BEGIN DATA PROVIDED

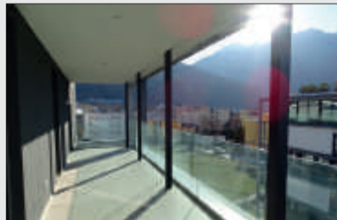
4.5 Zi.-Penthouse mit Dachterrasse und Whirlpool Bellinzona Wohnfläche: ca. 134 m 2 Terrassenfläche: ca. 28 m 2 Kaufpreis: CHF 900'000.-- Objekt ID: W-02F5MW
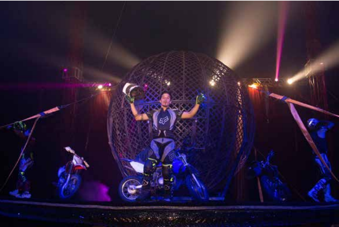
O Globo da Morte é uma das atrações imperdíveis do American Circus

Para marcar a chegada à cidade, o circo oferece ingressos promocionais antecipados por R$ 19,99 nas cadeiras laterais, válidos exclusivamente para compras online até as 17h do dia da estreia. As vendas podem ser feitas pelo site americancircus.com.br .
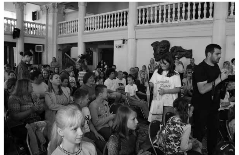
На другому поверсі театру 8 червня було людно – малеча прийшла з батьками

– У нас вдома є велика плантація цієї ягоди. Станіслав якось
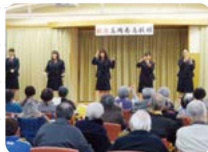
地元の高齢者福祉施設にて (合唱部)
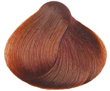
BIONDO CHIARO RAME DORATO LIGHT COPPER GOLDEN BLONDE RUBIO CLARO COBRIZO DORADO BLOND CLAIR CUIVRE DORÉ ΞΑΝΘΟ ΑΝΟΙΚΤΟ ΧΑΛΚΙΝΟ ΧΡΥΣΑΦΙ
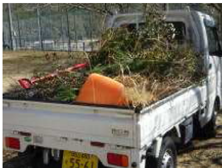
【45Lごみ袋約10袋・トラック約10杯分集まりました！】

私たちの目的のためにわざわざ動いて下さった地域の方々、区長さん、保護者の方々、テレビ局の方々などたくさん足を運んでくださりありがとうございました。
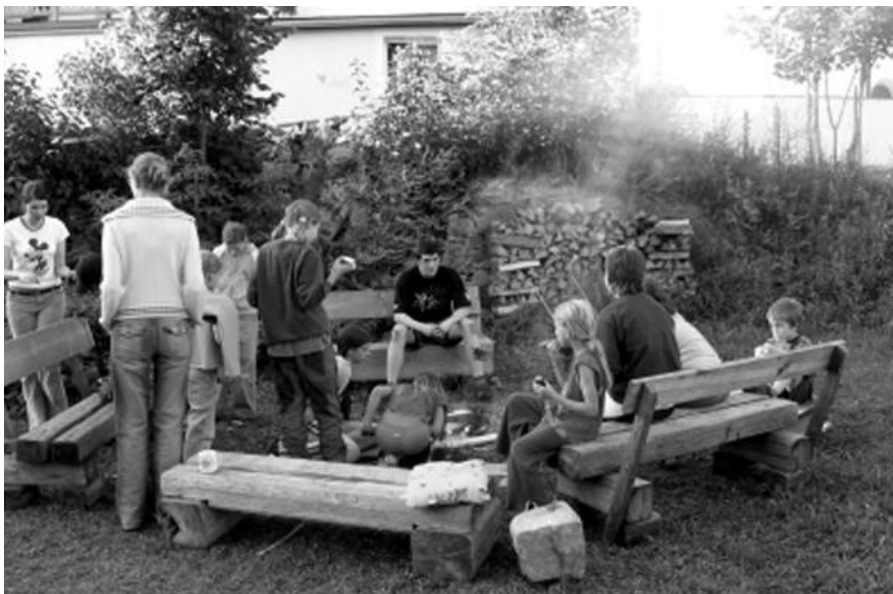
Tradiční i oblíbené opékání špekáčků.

END DATA PROVIDED

[WHAT YOU HAVE TO DO] Each line from the line containing "На другому поверсі" through the final line of the data above must be retyped exactly; nothing else, and no pictures, may appear.

[ANSWER FOR THIS EXERCISE]
На другому поверсі театру 8 червня було людно – малеча прийшла з батьками

– У нас вдома є велика плантація цієї ягоди. Станіслав якось
地元の高齢者福祉施設にて (合唱部)
BIONDO CHIARO RAME DORATO LIGHT COPPER GOLDEN BLONDE RUBIO CLARO COBRIZO DORADO BLOND CLAIR CUIVRE DORÉ ΞΑΝΘΟ ΑΝΟΙΚΤΟ ΧΑΛΚΙΝΟ ΧΡΥΣΑΦΙ
【45Lごみ袋約10袋・トラック約10杯分集まりました！】

私たちの目的のためにわざわざ動いて下さった地域の方々、区長さん、保護者の方々、テレビ局の方々などたくさん足を運んでくださりありがとうございました。
Tradiční i oblíbené opékání špekáčků.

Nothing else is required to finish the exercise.